### Source data
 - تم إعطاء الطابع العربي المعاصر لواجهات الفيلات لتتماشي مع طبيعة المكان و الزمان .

---

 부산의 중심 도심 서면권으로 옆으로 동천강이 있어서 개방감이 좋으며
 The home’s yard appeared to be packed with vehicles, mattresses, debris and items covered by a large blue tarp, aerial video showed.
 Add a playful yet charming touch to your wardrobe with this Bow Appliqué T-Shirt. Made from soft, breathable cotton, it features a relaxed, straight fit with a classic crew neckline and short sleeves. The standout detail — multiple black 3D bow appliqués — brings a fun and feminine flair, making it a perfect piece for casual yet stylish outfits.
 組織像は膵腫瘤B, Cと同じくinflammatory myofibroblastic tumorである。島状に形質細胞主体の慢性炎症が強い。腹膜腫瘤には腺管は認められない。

### Your task
Output only an exact transcription of the lines above from the one with "The home’s yard" up to and including the one with "組織像は膵腫瘤B, Cと同じくinflammatory myofibroblastic".

### Exercise answer
 The home’s yard appeared to be packed with vehicles, mattresses, debris and items covered by a large blue tarp, aerial video showed.
 Add a playful yet charming touch to your wardrobe with this Bow Appliqué T-Shirt. Made from soft, breathable cotton, it features a relaxed, straight fit with a classic crew neckline and short sleeves. The standout detail — multiple black 3D bow appliqués — brings a fun and feminine flair, making it a perfect piece for casual yet stylish outfits.
 組織像は膵腫瘤B, Cと同じくinflammatory myofibroblastic tumorである。島状に形質細胞主体の慢性炎症が強い。腹膜腫瘤には腺管は認められない。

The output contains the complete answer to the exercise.